Correct identification of species and numbers of individuals is the key to biodiversity assessment. Crickets are an integral part of tropical forest ecosystems and are conspicuous due to their acoustic calling songs. Cricket calling songs are species-specific, providing reliable cues for non-invasive species identification. A cost-effective and widely used method is trained listener-based acoustic sampling. However, the effectiveness and reliability of this method has rarely been assessed in a quantitative manner. We evaluated trained listener-based acoustic sampling as a reliable and non-invasive method for rapid assessment of cricket species diversity in tropical evergreen forests.
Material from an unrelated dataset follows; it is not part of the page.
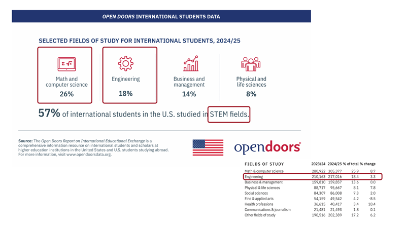 但是,因为竞争激烈,行业内流传着这样一句话:“美本工程大类申请几乎无保底校”。由美国官方背书的Opendoors 门户开放报告也给出工程大类专业是国际留学生选择排名第二位的专业,人数为217,016人,占比18%;排在第一位的则是与工程大类紧密关联学科数学和计算机工程,占比26%,这两大类都属于热门STEM专业。由于毕业工签政策等原因,吸引了全世界范围内留学生家庭的关注,门户报告也给出57%的国际留学生来美选择学习STEM领域!

We carried out psychoacoustic experiments in the laboratory to assess the effectiveness of species identification and estimation of numbers of calling individuals by a trained listener. Further, we compared psychoacoustic sampling done in the field with the ambient noise recordings that were done simultaneously. The reliability of correct species identification by the trained listener was 100 % for 16 out of 20 species tested in the laboratory. The reliability of identifying the numbers of individuals correctly was 100% for 13 out of 20 species. The human listener performed slightly better than the instrument in detecting low frequency and broadband calls in the field, whereas the recorder detected high frequency calls with greater probability. We propose that for accurate estimation of ensiferan species richness and relative abundance in an area, trained listener-based psychoacoustic sampling is preferable for crickets and low frequency katydids, whereas broadband recorders are preferable for katydid species with high frequency calls.